The question I have though is how all this adds up for the athletes. We had the IRONMAN World Championship in May in St George – a lot of top folks there, some of them missed it. Very challenging course, very challenging race – that takes a toll. You recover, hopefully by October you’re ready to go again in Hawaii.

What about some of the other races? IRONMAN Brazil, the top three guys go under eight hours – that’s hard, that’s fast and it’s a demand on your body. Can you recover? We’ll see.

IRONMAN Frankfurt, four guys went under 8 hours, again an amazingly fast race. At Challenge Roth four men went under 8 hours and four women went under 9 hours. That is all smoking fast, what effect will that have on the athletes when they get to Kona? This is where it gets tricky.

What Mark Allen told Macca

I’ll give you an example from after I quit racing, because it was advice I gave to Chris McCormack. He had been trying to win Kona and one of his stepping stones to being hopefully fit enough to win Kona was to do Challenge Roth.

He would go into Challenge Roth in completely top shape – he was Kona lean, he was Kona fit and he would have a great race in Germany, but he couldn’t sustain it. He couldn’t recover and rebuild and be in that sort of shape again in October in Kona.

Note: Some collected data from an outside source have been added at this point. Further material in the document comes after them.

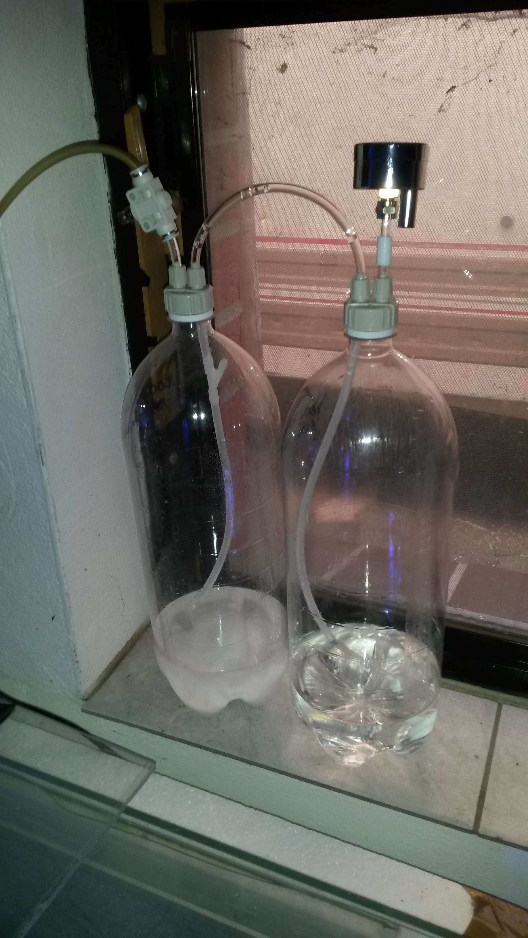 Aber dann ging das Ventil auf (ich war leider nicht live dabei) und nach etwa 2 Stunden war die komplette Zitronensäure in die andere Flasche mit dem Natron gelaufen. Der Druck stieg dann auf über 4 bar ... gute Flaschen, nix explodiert :)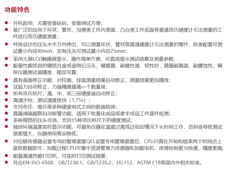 ?符合EN-ISO-6508、GB/T230.1、GB/T230.2、JJG112、ASTM E18等國內(nèi)外相關(guān)標(biāo)準(zhǔn)。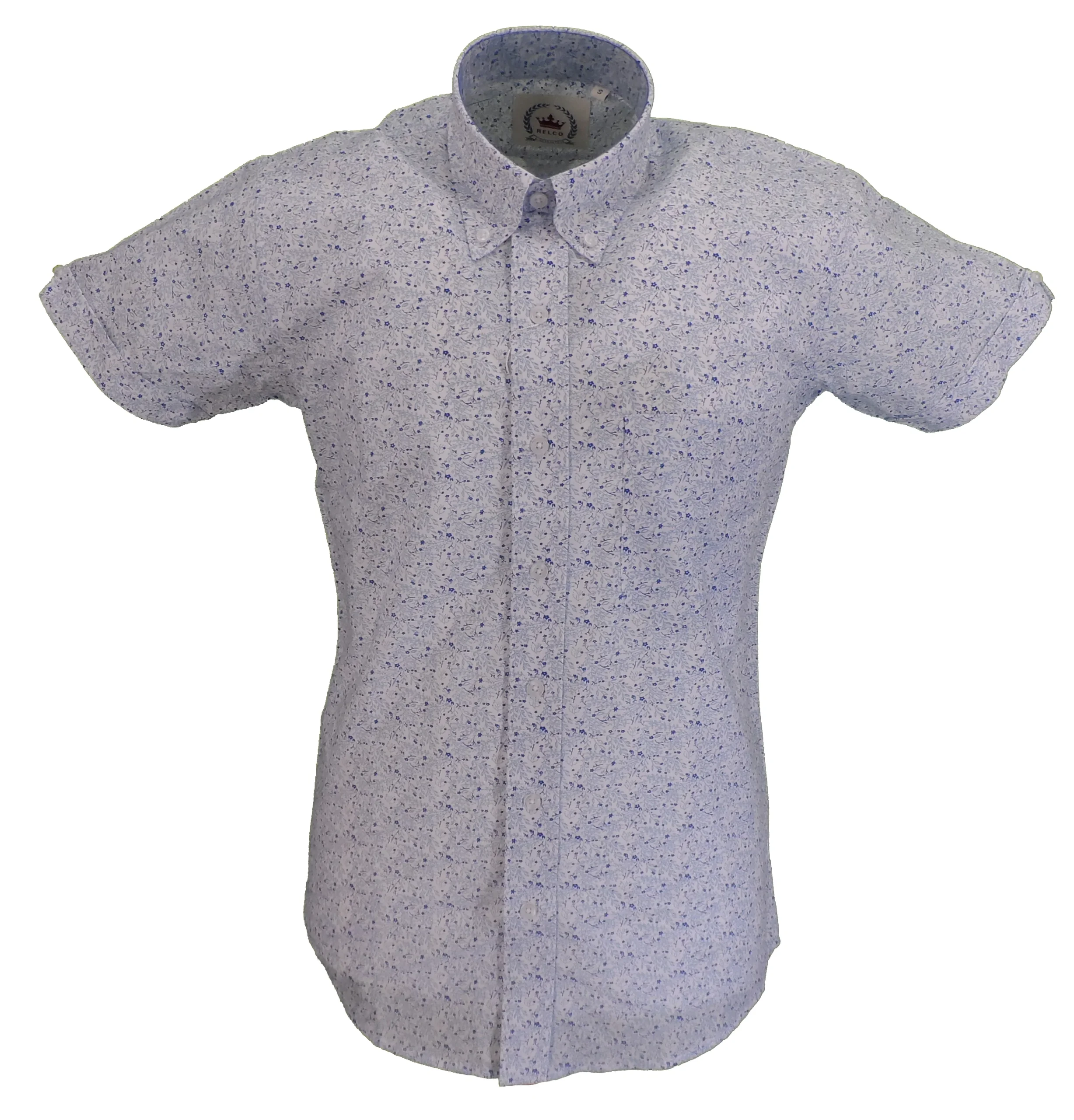 Relco Mens White Retro Floral Short Sleeved Shirt

Finally I said: ‘Look, if you want to win in Hawaii, you’ve got to go into Challenge Roth fit but at the same time there has to be a little bit left that you’re trying to gain in that second half of the season’.

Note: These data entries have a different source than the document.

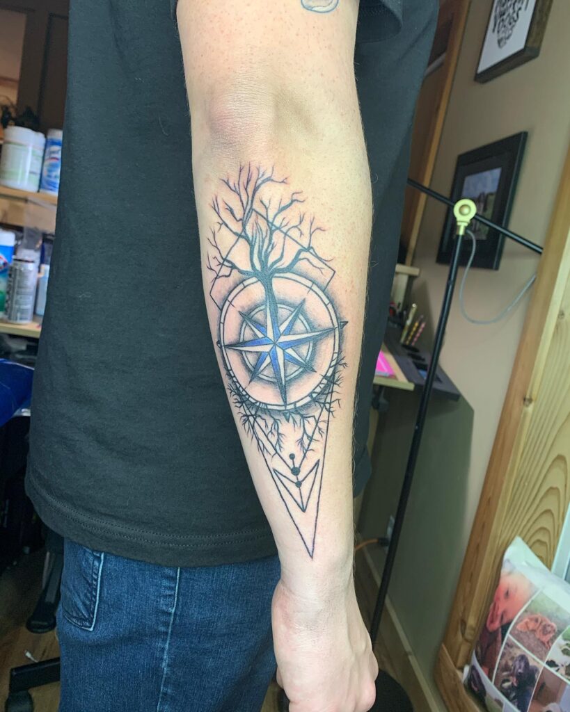 This tattoo integrates a compass with a bare tree and its sprawling roots. The compass sits at the center, symbolizing guidance and direction, while the tree represents growth and grounding. The roots extend downward with geometric accents, emphasizing strength, exploration, and the balance between wandering and staying grounded.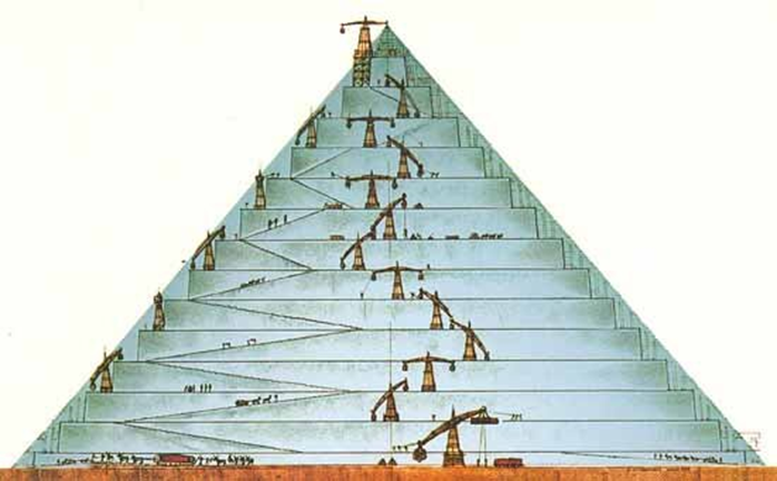 Современные исследователи выдвигают различные теории, касающиеся технологии строительства пирамид. Согласно одной из них, для подъема каменных блоков использовались деревянные рычаги или качалки. Рабочие поднимали блоки, поочередно подкладывая под них рычаги и перемещая их на следующий уровень.По другой – для подъема блоков использовались наклонные насыпи (рампы), которые строились рядом с пирамидой. По мере роста пирамиды насыпь удлинялась или изменяла свою форму (например, становилась спиральной). Блоки перетаскивались по насыпи с помощью деревянных саней или полозьев. Тем не менее, ни одна из теорий полностью не объясняет все аспекты строительства пирамиды. Скорее всего древние египтяне использовали комбинацию различных методов в зависимости от этапа строительства и типа блоков. АрхИстори в телеграмм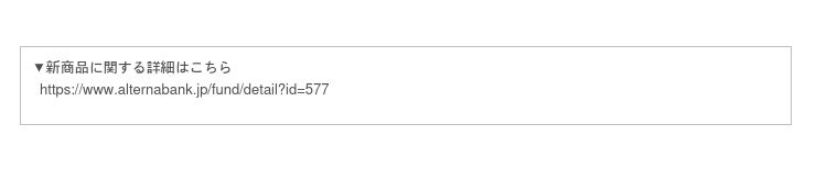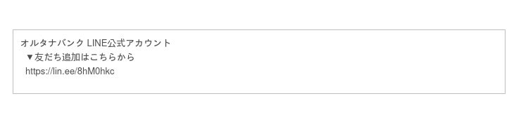 ■SAMURAI証券について 社名:SAMURAI証券株式会社 所在地:東京都港区赤坂二丁目17番46号 グローヴ4階 代表者:代表取締役社長 山口 慶一 登録番号:第一種・第二種金融商品取引業 関東財務局長(金商)第36号 加入協会・基金:日本証券業協会、一般社団法人第二種金融商品取引業協会、日本投資者保護基金 資本金:240,090,016円(2022年2月) 設立年月:2002年2月 URL:https://www.alternabank.jp/company/index ==================================================== ※お取引にあたって、諸費用等をご負担いただく場合がございます。 ※商品等には価格や為替等の変動により損失が生じるおそれがございます。 詳しくは契約締結前交付書面をお読みください。 ※投資の最終判断はお客様ご自身で行っていただきますようお願いいたします。 ==================================================== ▼ 個人情報保護について▼ 当社では、個人情報の取り扱いに関しまして当社策定の「個人情報保護に関する基本方針」に従っております。詳細は下記URLにてご確認ください。 https://www.alternabank.jp/legal/privacypolicy ▼『オルタナバンク』はこちらから▼ https://www.alternabank.jp/ ▼『オルタナバンク』SNSはこちらから▼ ・Facebook:https://www.facebook.com/pg/samurai.cf/ ・Twitter:https://twitter.com/Alterna_Bank ・Instagram:https://www.instagram.com/samurai_securities/ ・LINE:https://lin.ee/8hM0hkc ▼お問い合わせはこちらから▼ メール: support@alternabank.jp お問い合わせフォーム(お問合せ情報入力):https://www.alternabank.jp/help/inquiry/input ━━━━━━━━━━━━━━━━━━━━━━━━━━━━━━━━━━━━ 『オルタナバンク』は、SAMURAI証券株式会社が提供しております。 ━━━━━━━━━━━━━━━━━━━━━━━━━━━━━━━━━━━━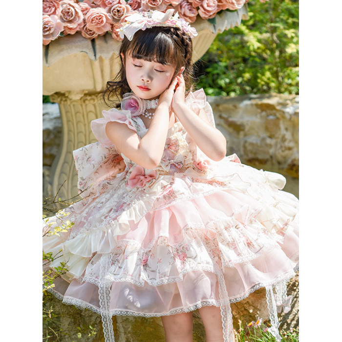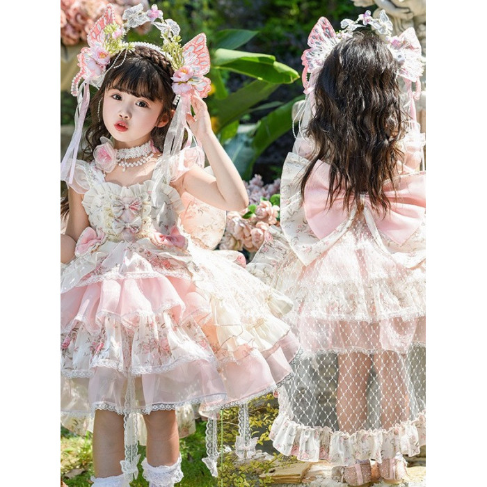 女童花仙子重工洛麗塔連衣裙2025新款兒童莫奈花園公主生日禮服裙

So he went into Challenge Roth a little bit heavy. He had a great race, and that was when he won Kona. Imagine that.

So what happens in 2022?

So what’s going to happen this year? You had heavy hitters racing in Roth, amazing fast races in Frankfurt, in Brazil.

You had Rudy Von Berg going 8:24 in Nice, slow because it was such a demanding day on a new course that had more climbing than ever before. Hot, windy, sea that was like a washing machine. Slow but demanding – how is that going to pan out in Kona? It all adds up.

I don’t know if it’s a guess or a warning to the athletes, but you have to recover from these huge efforts.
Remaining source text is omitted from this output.